We estimated all adjusted analyses with collaborative targeted minimum loss-based estimation (TMLE) (Benkeser et al., 2020; Van der Laan et al., 2011). TMLE uses regressions for the outcome, exposure, and censoring models to produce an estimate that is robust to misspecification of at most one of these models, i.e., it is a doubly robust estimator. We used an ensemble of flexible machine learning algorithms to fit the outcome, exposure, and censoring regressions using the Superlearning algorithm with 2-fold cross-validation. Our candidate algorithms included generalized linear models, multivariate adaptive regression splines (MARS) (Milborrow, 2011), and gradient boosting (Ke et al., 2017). Superlearning optimally combines predictions from these candidate algorithms via weighting (van der Laan et al., 2007).

Sensitivity Analyses

We implemented several sensitivity analyses. We first used a 12-month washout period followed by a 12-month follow-up period. This sensitivity analysis may more completely capture the exposure categories by using more time to detect disability, chronic pain, and their co-occurrence. For example, chronic pain was defined as at least two diagnosis codes for pain in the same anatomical location, at least 90 days but less than 12 months apart. In the second sensitivity analysis, instead of considering chronic pain, we considered any pain during the initial 6 month washout period.

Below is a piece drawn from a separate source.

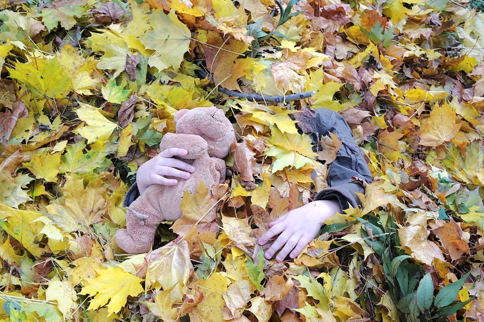 Edytor tapety: Dziecko, Liście, Misiek

In another exploratory secondary analysis, we examined potential risk factors contributing to the increased OUD and overdose risk for individuals with physical disability alone. We estimated associations between having physical disability alone vs. neither on the following incident outcomes: chronic pain, any depressive disorder, any anxiety disorder, and any opioid prescription for pain (see Section S3 in the Supplementary Materials).

Finally, we performed a negative control outcome analysis to detect possible bias, and did not find any evidence of such bias (see Section S4 in the Supplementary Materials).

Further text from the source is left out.